Wednesday, February 20, 2013

Beer Bread and Creamy Herb Dip

This is two recipes for the price of one! Although you obviously don't have to make them together I highly suggest it. The warm buttery beer bread with the fresh cool creamy dip is a great combination. The dip also pairs well with veggies if you want to use it for crudite. I was introduced to both of these delicious treats by two of my closest friends, Erika & Kerri, thank you ladies :)

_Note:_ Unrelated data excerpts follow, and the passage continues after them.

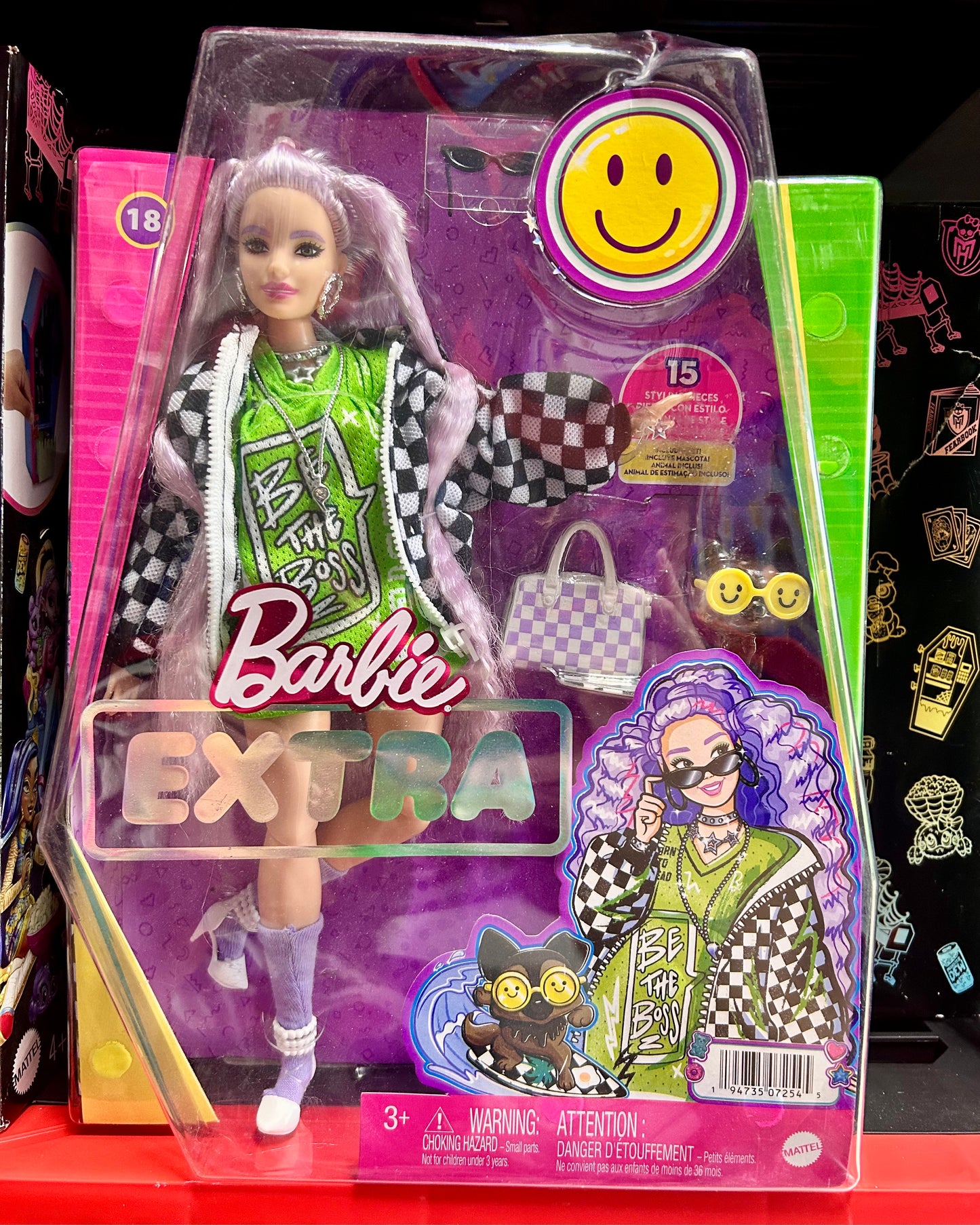 Barbie Extra Fashion Doll #18 with Lavender Hair & Brown Eyes in Checkered Jacket 07254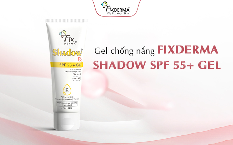 Gel chống nắng Fixderma Shadow SPF 55+ Gel giúp bảo vệ da quang phổ rộng trước tia UVA, UVB và tia hồng ngoại (IR) – những tác nhân gây lão hóa sớm. Sản phẩm hỗ trợ làm giảm các dấu hiệu lão hóa, đồng thời sở hữu kết cấu gel mỏng nhẹ, thoáng da, phù hợp cả với làn da dầu mụn.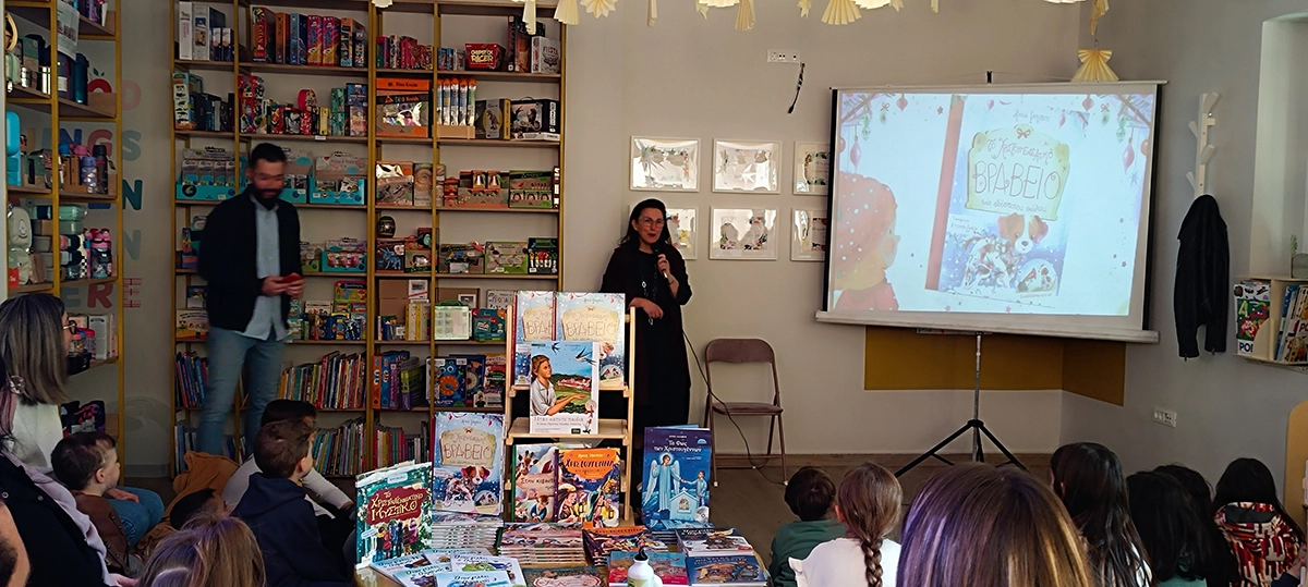 Η συγγραφέας Άννα Ιακώβου αφηγείται το βιβλίο “Το Χριστουγεννιάτικο Βραβείο ενός αδέσποτου σκύλου” στο βιβλιοπωλείο Κουκουβάγια στη Σπάρτη.
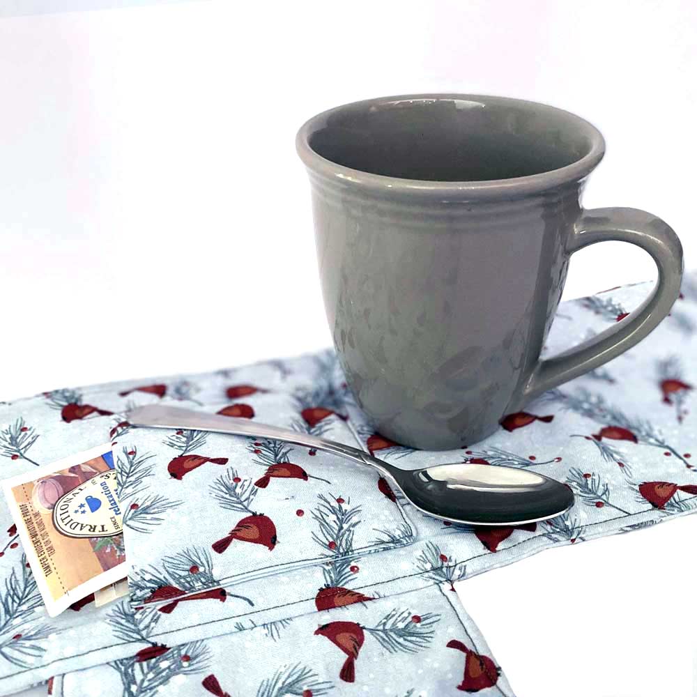 Mugs have always been a favorite gift for the holidays. That special gift that had the perfect picture or special message on it. Now you can add to that special gift with a caddy that, when untied, doubles as a mug rug. The caddy has a wrap that holds the mug in place for travel, a pocket for a spoon, and another pocket to hold a tea bag, coffee or cocoa mixture, other drink mixes, or sweeteners. The sturdy grommets make carrying your mug to meetings, group events, or just funky storage on your favorite student’s desk. Tuck a cookie under the mug or a gift card and you have the perfect gift for a grandparent, teacher, or college student. These also make perfect Secret Santa, work exchange gifts, or a donation to a fundraising raffle event.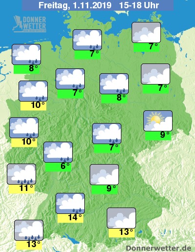 Bis zum frühen Abend breiten sich die Regenwolken weiter Richtung Nordosten aus, trocken bleibt es aber zunächst noch in Gebieten nordöstlich der Elbe und im südöstlichen Bayern.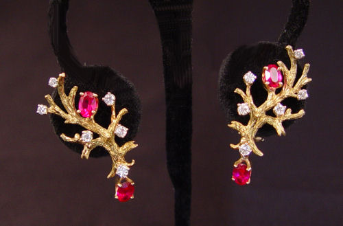 RUBY & DIAMOND EARRINGS: 14K yellow gold branch motif earrings contain 12 round brilliant cut diamonds, approx. .75 ct., rated VS in clarity and G-H in color. There are also 4 oval shaped synthetic rubies. All stones are prong set. Post and hinged clip closures. Weight: 9.5 grams. Approx. 1 ½'' in length.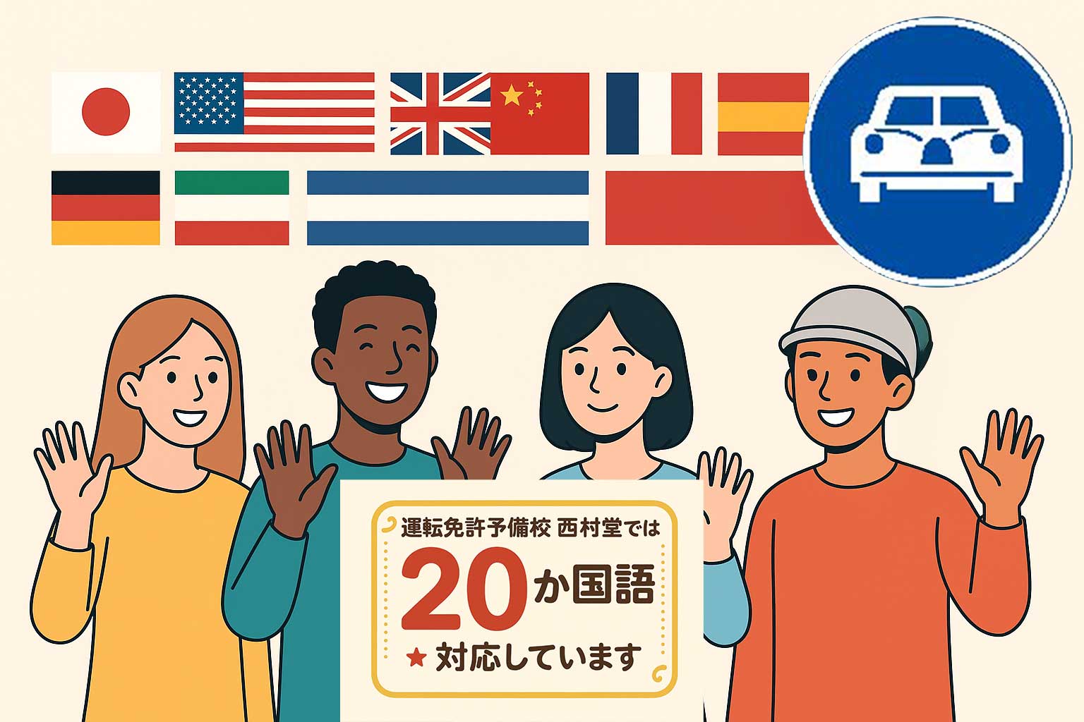 運転免許予備校西村堂では、日本語で受験される方のほか、各言語に対応しています。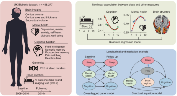 此项研究使用了英国生物库的大量样本,全面描述了睡眠时间与大脑结构、心理健康和认知功能之间的非线性关联,证明了这些非线性联系从中年人到老年人都不同,且基线睡眠时间与抑郁症状和8年后的认知之间存在纵向关联,从遗传学、大脑结构和最终行为等方面明确了这一过程背后可能的机制。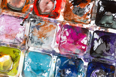 Close up of messy water color paint box, isolated on white.
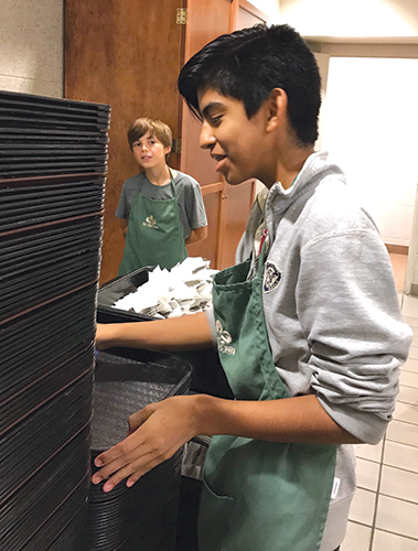 Kyler and another volunteer preparing to serve meals to the homeless community. Photo courtesy of Kyler Stockstill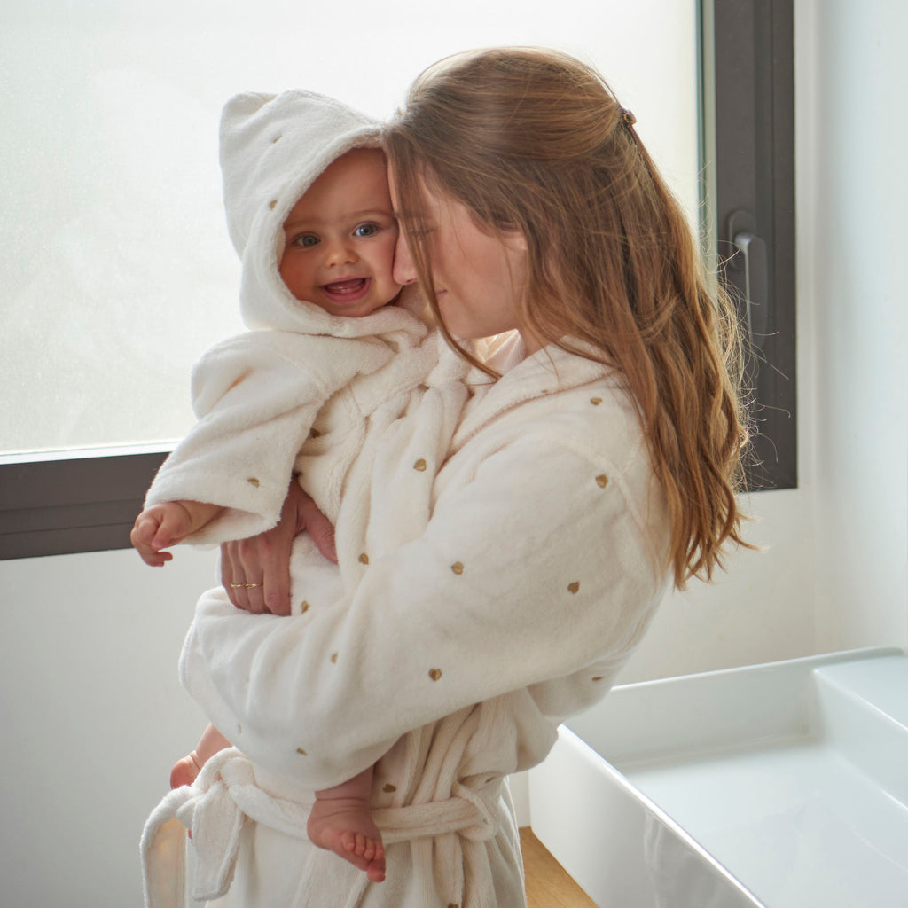 Katoenen kinderbadjas Amore ivoor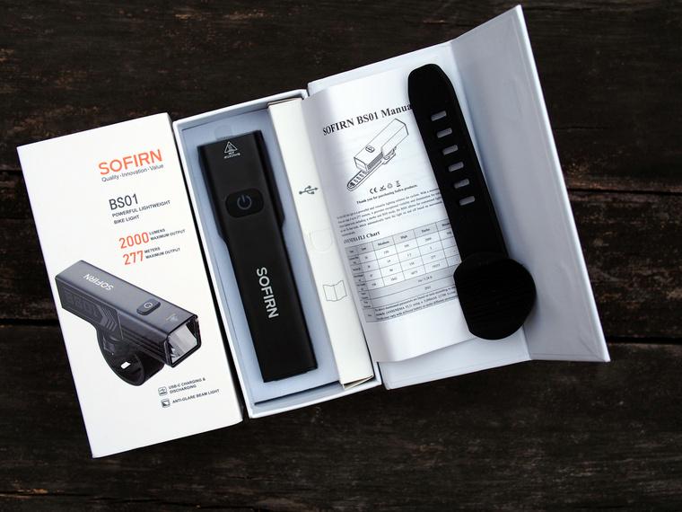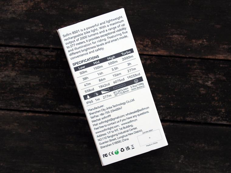 BS01内置一颗可充电21700锂电池。最大光通量2000流明可以使用3个小时,最低亮度50流明可以使用38个小时。车灯尾盖由四颗螺钉固定,尾部平面上面有CE认证标识和环保标识。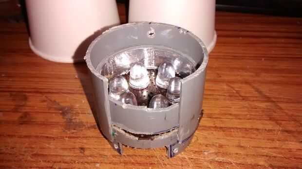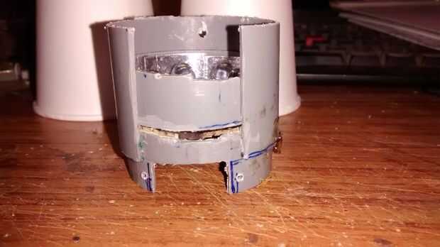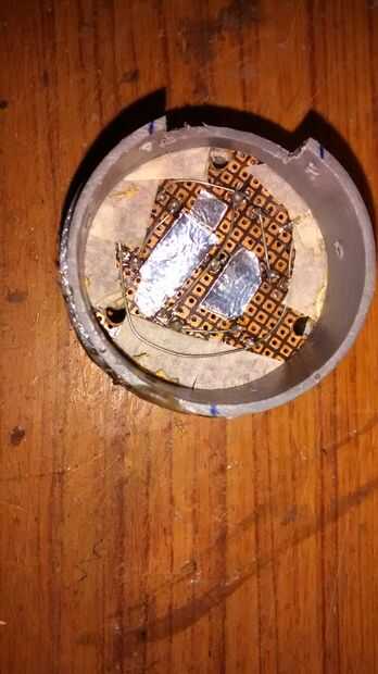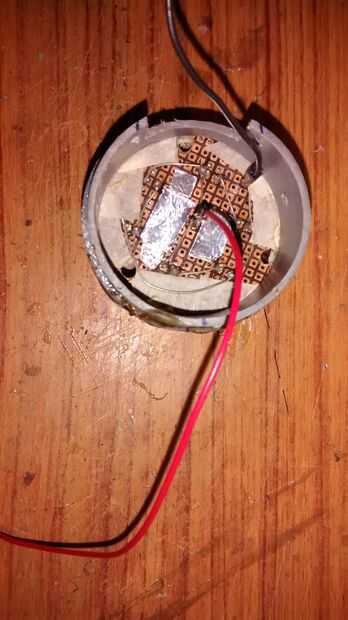 montar el tubo de piezas el PVC más pequeño, luego el PCB entonces el segundo tubo de PVC y sujetarlos con la pieza grande con la ranura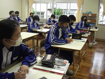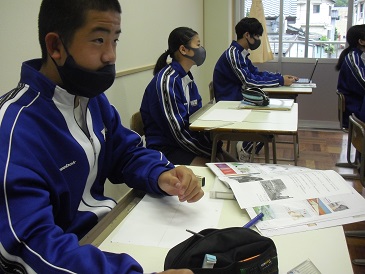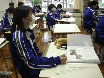 9年生は美術の時間でした。遠近法について学んでいます。一点透視図法と二点透視図法の書き方について確認しました。

Ingredients for Beer Bread:
3 Cups Flour
2 Tbsp Sugar
1 Tbsp Baking Powder
1 Tsp Salt
2 Tbsp Honey
12 oz Bottle of Beer
1 Stick of I Can't Believe it's Not Butter - Melted
Pam Spray

Adapted from:

Ingredients for Herb Dip:
8 oz Fat Free Cream Cheese - Softened
1/2 Cup Sour Cream
1/2 Cup Mayo

Adapted from:

Start by preheating the oven to 350 F and spray a 9 x 5in bread pan with Pam spray. In a large bowl whisk together the flour, sugar, salt and baking powder.
Pour in the bottle of beer, I used Sam Adams Winter Lager because that's what John had in the house but I'm sure anything will do. Using a wooden spoon mix the beer and the honey into the dry ingredients. If you keep your honey in the fridge you may want to bring it to room temp before trying to add it to the dough.
Continue mixing until you have a sticky batter. Place it in the bottom of the greased bread pan. Melt the margarine in the microwave on a low setting and pour it over the top of the dough. You can use a pastry brush to spread it out over top of the bread.
Bake the bread 60 minutes until the top becomes crusty and golden brown.A toothpick inserted into the middle should come out clean. 
While the bread is baking you can make the dip. In your mixer bowl with the paddle attachment combine the softened cream cheese, sour cream and mayo. I left the amounts of herbs out of the ingredients section because it will depend on if you are using fresh or dried. I used dried and I had to add a lot more than I was expecting to get it to taste like anything but if you use fresh herbs you will only need to use a small amount. Blend in between additions and taste as you go until you get what you want.
Allow the bread to cool for about 5 minutes and then you can slice it up and serve immediately. The warm buttery bread with the cool creamy dip is a great combination but you'll get the same effect if you bread isn't right out of the oven as well.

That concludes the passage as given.